RECORDS FOR THIS EXERCISE>
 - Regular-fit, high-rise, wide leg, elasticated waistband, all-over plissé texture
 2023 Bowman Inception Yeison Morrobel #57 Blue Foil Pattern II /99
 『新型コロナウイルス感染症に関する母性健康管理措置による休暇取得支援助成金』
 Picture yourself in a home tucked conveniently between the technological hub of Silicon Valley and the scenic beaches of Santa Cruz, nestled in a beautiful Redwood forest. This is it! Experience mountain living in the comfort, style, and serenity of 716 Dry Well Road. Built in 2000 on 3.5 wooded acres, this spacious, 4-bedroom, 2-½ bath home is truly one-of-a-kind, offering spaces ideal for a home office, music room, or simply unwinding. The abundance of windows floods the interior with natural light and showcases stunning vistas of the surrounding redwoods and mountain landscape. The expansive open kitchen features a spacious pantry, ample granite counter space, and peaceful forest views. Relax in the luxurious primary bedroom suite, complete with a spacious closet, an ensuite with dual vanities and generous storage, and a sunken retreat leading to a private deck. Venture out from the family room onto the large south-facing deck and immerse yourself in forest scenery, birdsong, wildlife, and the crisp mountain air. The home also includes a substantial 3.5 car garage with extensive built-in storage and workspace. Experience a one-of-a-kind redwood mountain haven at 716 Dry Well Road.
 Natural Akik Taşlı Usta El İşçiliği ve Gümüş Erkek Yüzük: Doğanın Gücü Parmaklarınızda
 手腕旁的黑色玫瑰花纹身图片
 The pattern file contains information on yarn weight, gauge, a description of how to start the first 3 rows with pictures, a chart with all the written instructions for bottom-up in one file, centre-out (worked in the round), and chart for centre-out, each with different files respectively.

==

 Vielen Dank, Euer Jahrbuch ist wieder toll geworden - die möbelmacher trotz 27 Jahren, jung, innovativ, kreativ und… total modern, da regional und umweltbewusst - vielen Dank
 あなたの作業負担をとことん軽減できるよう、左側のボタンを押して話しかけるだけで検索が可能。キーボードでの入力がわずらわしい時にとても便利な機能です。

REQUIRED WORK> Extract every line from the records above that contains the word "with".

RESULT OF THE EXERCISE>
 Picture yourself in a home tucked conveniently between the technological hub of Silicon Valley and the scenic beaches of Santa Cruz, nestled in a beautiful Redwood forest. This is it! Experience mountain living in the comfort, style, and serenity of 716 Dry Well Road. Built in 2000 on 3.5 wooded acres, this spacious, 4-bedroom, 2-½ bath home is truly one-of-a-kind, offering spaces ideal for a home office, music room, or simply unwinding. The abundance of windows floods the interior with natural light and showcases stunning vistas of the surrounding redwoods and mountain landscape. The expansive open kitchen features a spacious pantry, ample granite counter space, and peaceful forest views. Relax in the luxurious primary bedroom suite, complete with a spacious closet, an ensuite with dual vanities and generous storage, and a sunken retreat leading to a private deck. Venture out from the family room onto the large south-facing deck and immerse yourself in forest scenery, birdsong, wildlife, and the crisp mountain air. The home also includes a substantial 3.5 car garage with extensive built-in storage and workspace. Experience a one-of-a-kind redwood mountain haven at 716 Dry Well Road.
 The pattern file contains information on yarn weight, gauge, a description of how to start the first 3 rows with pictures, a chart with all the written instructions for bottom-up in one file, centre-out (worked in the round), and chart for centre-out, each with different files respectively.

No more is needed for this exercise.